The tragic death of 43-year-old Ngemba man Frank “Gud” Coleman is yet another damning indictment on Australia's brutal and racist policing and justice system.

Gud's death on Thursday in Long Bay Jail was the ninth Indigenous death in custody in four months.

GetUp First Nations Justice Campaign Director Larissa Baldwin said:

"I am filled with sadness and anger today. 

"Sadness for Frank 'Gud' Coleman. For his family. For those that loved him. For the life he should have lived. 

"And anger at the justice system that took him away. At the politicians who could have stopped this. At the indifference that caused his death, and the indifference it will be met with.

"Gud is not a statistic. Tane Chatfield is not a statistic. David Dungay Jr is not a statistic. Tanya Day is not a statistic. Nathan Reynolds is not a statistic. Anzac Sullivan is not a statistic.

"Every single one of the nearly 500 Aboriginal and Torres Strait Islander people who have died at the hands of the Australian justice system since 1991 was somebody. They had lives they should have lived. Families they should have grown old with. Decades ahead of them, filled with possibilities and potential, ripped away.

"Instead, their families and loved ones have been left with holes in their lives that can never be filled. Losing a loved one in any circumstance, at any age, is a profoundly traumatic thing. But to have someone taken away so unfairly, and so needlessly, is more than tragic. It is an abomination.

"When the Royal Commission into Aboriginal Deaths in Custody handed down its recommendations in April 1991, I was only a few years old. For 30 years — nearly my entire life — the justice system has kept killing Aboriginal and Torres Strait Islander people. 

"And for that entire time, apparently, governments have had more important things to do. They've had everything they need to make the justice system safer. All the hard work was done for them. And they haven't been bothered to take the last, simple step of making those recommendations law.

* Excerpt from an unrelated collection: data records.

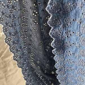 GAP DOEN Eyelet Tiered Midi Dress Chambray Blue Cotton Embroidered Boho Summer M
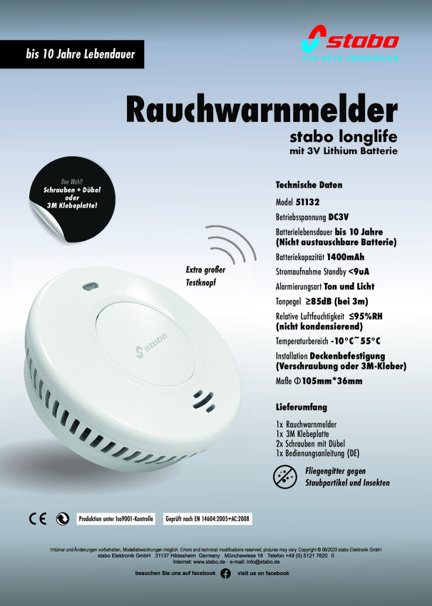 51132 Stabo Czujnik dymu zaw. baterię na 10 lat pracy bateryjne (Ø x W) 105 mm x...
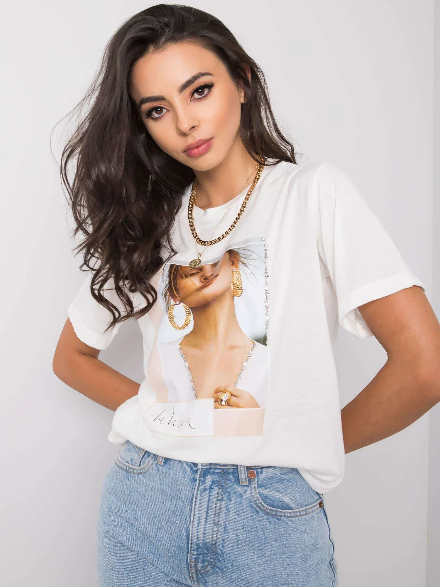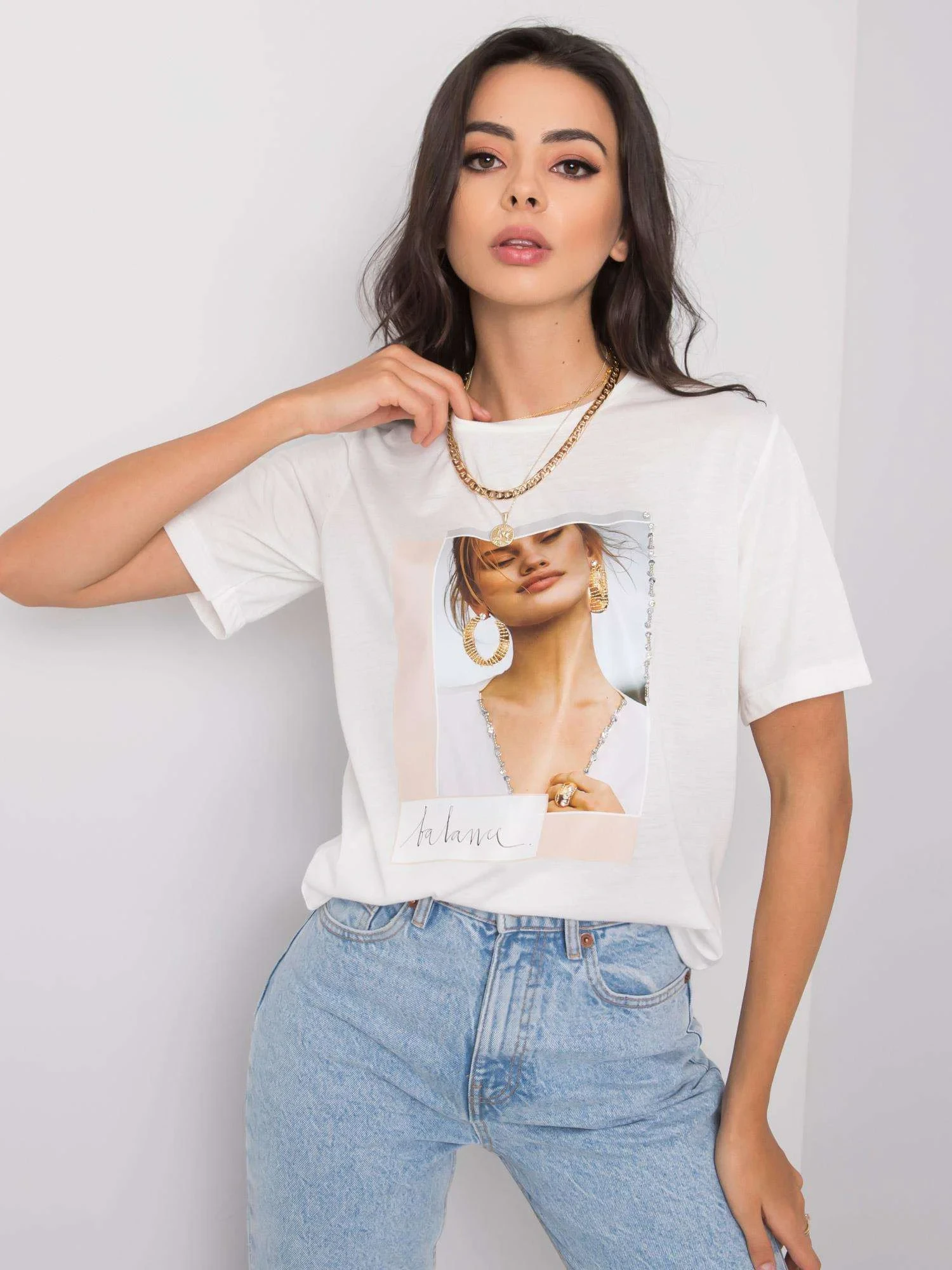 Biały t-shirt damski z printem.

"When Aboriginal and Torres Strait Islander people win Wimbledon or State of Origin, politicians can't slap us on the back fast enough. But when a First Nations person dies in jail, or in lockup, or in police custody, they're nowhere. For 30 years, they've been nowhere.

"When we try to get answers about these deaths through the justice system — the 'right' way — we're met with silence. When we ask politicians to do their jobs and protect us, we get empty promises. 

"And when we stand up against the system that's killing us — like the young men who spelled out 'BLM' with sheets on the roof of the Parklea private prison this week — we're beaten and tear-gassed. Demonised by the media. And abused in the comments sections.

"What's it going to take? How many more coroner's reports and inquiries and commissions and Senate hearings are in our future, piling up like all the ones that came before? How many more rallies and vigils and minutes of silence?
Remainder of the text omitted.